My Dad first gave me The Talk when I was 12 or 13. We were driving down the freeway, and he asked me if I’d ever been judged or harassed for being black. I remember this conversation vividly because my family doesn’t talk too much about their personal experiences with racial discrimination. For the most part, they tend to focus on their blessings and joys and triumphs. This way of remembering runs deep. Both my grandmother and her father before her engaged in a “long-standing practice of editing [their] memory, an artful forgetting for the sake of affirming the family’s self-worth” and moving forward with their heads held high.1

In my grandma’s time, families had more of a choice about what to pass onto their kids. They could leave certain things out and emphasize the good in the hope that doing so would create a better future. Today, digital media has taken that option off the table. The internet has flattened the vast archive of the past and made history unprecedentedly (and unrelentingly) immediate. No matter what my grandma chose to share with me about her upbringing, I can go online and find all kinds of information about the world she lived in, the hardships she might’ve endured. The distant past is brought back to life in the digital realm, as if no time has passed at all.

Digital databases are unparalleled memory machines that have radically transformed how information and stories flow between grandparents and children, students and teachers, politicians and voters, journalists and citizens. What Marshall McLuhan called the perfect memory of computers has, in our time, spawned a garden of competing narratives and conceptions of the past/present/future. Digital media serves up an inhumanly large corpus of data that becomes raw material for new subcultures, ideologies, and alternative histories. In today’s chaotic media environment, not even a global pandemic can restore a shared sense of Reality.

Like Louisa Banks in the 2016 film Arrival, we are all trying to figure out how the “alien language” of digital tech has transformed our psyches and warped our sense of time. How did the internet disrupt 20th century timekeeping systems and spark an insurgence of alternative historical narratives? How do old media institutions try (and fail) to keep up with the narratives of online subcultures? How does the immediate accessibility of so many alt histories undermine our ability to create shared visions of the future? And how might a more ecological awareness of the internet help us adapt to our disorienting digital time machines?
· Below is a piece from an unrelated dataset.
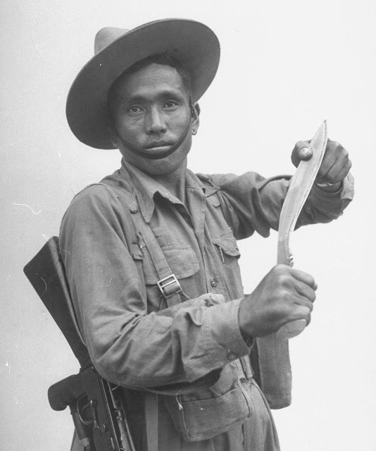 El Gurka lleva como es lógico un kukri y un sten mk4 o mk5, las otras que comparten padre son una daga F-S y un Smatchet, de William Ewart Fairbairn, un pionero de las tecnicas de tiro y combate cuerpo a cuerpo, ya se ha hablado aqui de su trabajo.

Digital de-synchronization & the tribalization of time

How did digital media disrupt 20th century timekeeping systems and spark an insurgence of alternative historical narratives?

Arrival (2016)

In the 19th and 20th centuries, innovations like the telegraph, time zones, radio, and television led to new patterns of mass connectivity and synchronization. Time was subdivided into smaller and smaller units, allowing us to achieve unprecedented levels of coordination at scale. But in our own century, digital media is fracturing our collective experience of clock time. “By the 1930s,” says Venkatesh Rao, “we had grid-synchronized electric clock time, which was an important move because we went from producing time in clock towers and sun dials to producing time in a central location and distributing it via a grid, so that it was piped into your home like water or electricity. By the 1940s, we were distributing time over the oceans. By the 1980s, we had GPS … This trend has come to its logical conclusion because we all live inside a cage of time made up of 32 satellites orbiting Earth.”

In the digital age, everything from the evening news to the 9 – 5 workday has been freed from the cage of industrial era timekeeping. As long as you have an internet connection, you can march to the beat of your own second hand.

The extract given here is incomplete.